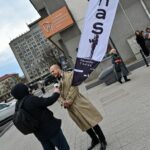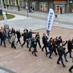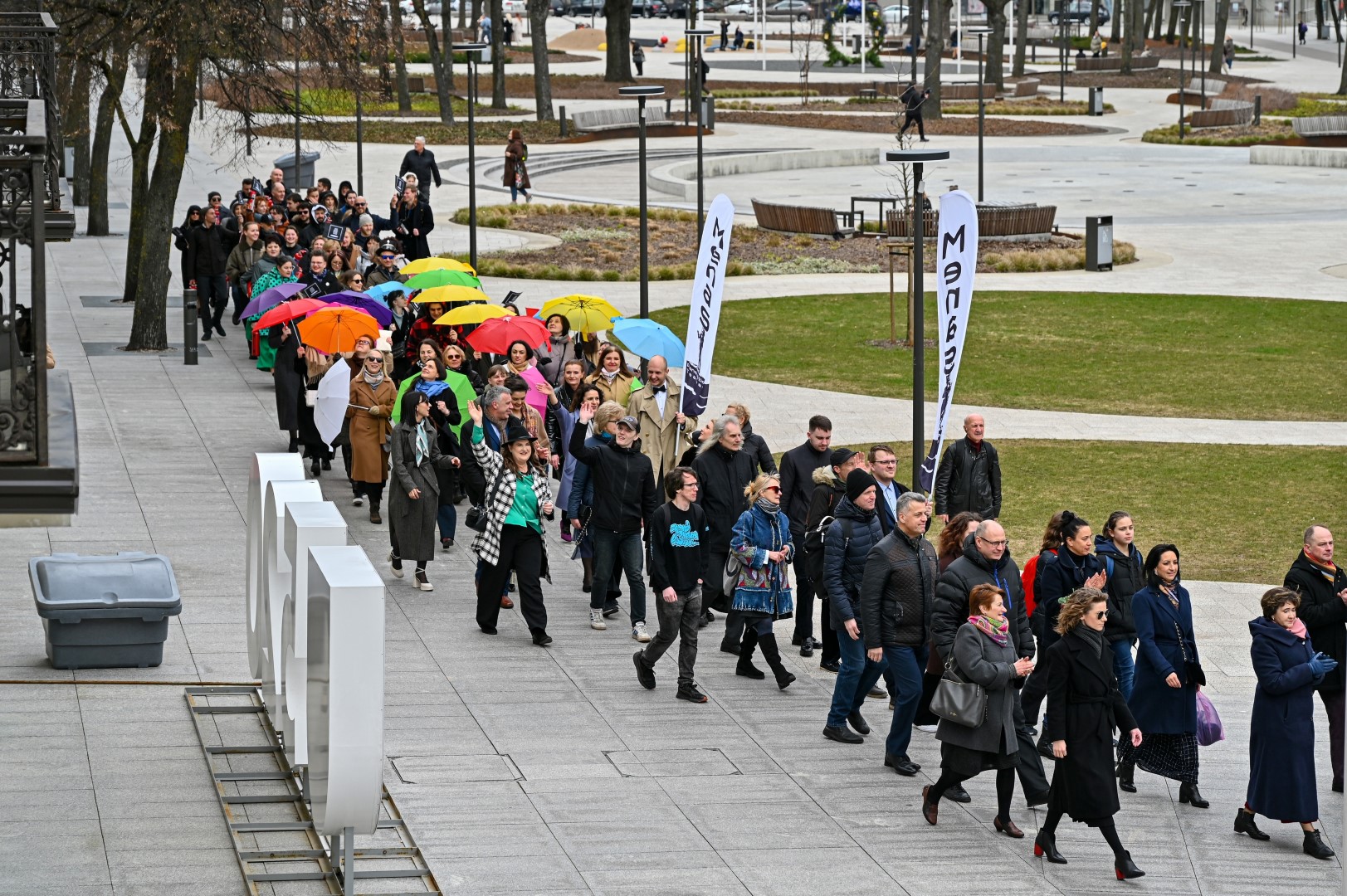Pirmą kartą organizuota Panevėžio teatralų eisena nusidriekė nuo kunigaikščio Aleksandro paminklo Laisvės aikštėje iki Muzikinio teatro.
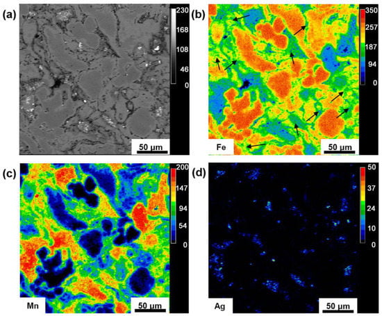 The microstructure of the consolidated sample (a) backscattered electron microscopy (BSE) and microprobe analysis (EPMA); (b) Fe (arrows represent the γ-FeMn phase); (c) Mn; and (d) Ag.
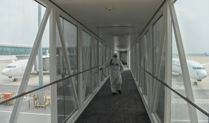 4月3日,消防队员在航站楼廊桥进行消杀作业。新华社记者程敏摄
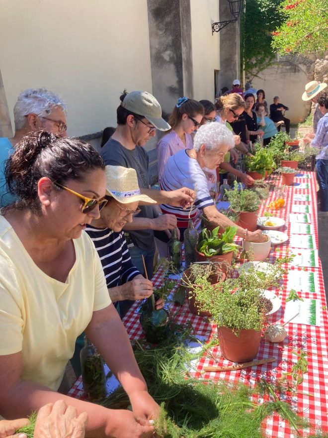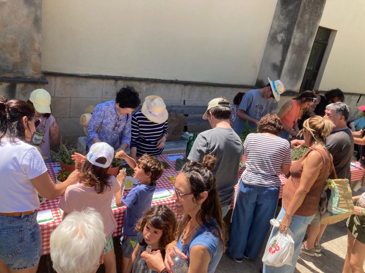 Les forces vives de l’associació ja eren a la plaça en bon dematí per preparar el dinar. Passades les deu, arribaven els mestres herbers, carregats de bones olors per preparar el circuit per on passarien els elaboradors a partir de migdia. Més d’una trentena d’herbes i fruits omplien les tres taules amb els seus cartells corresponents. Tocades les dotze, una vintena llarga de persones s’han acostat a la taula.

Exercise details -> Your task is to restate word for word the lines from the top of the data to the line containing "4月3日,消防队员在航站楼廊桥进行消杀作业。新华社记者程敏摄", both ends included, with every picture left out.

Exercise solution ->
Pirmą kartą organizuota Panevėžio teatralų eisena nusidriekė nuo kunigaikščio Aleksandro paminklo Laisvės aikštėje iki Muzikinio teatro.
 The microstructure of the consolidated sample (a) backscattered electron microscopy (BSE) and microprobe analysis (EPMA); (b) Fe (arrows represent the γ-FeMn phase); (c) Mn; and (d) Ag.
 4月3日,消防队员在航站楼廊桥进行消杀作业。新华社记者程敏摄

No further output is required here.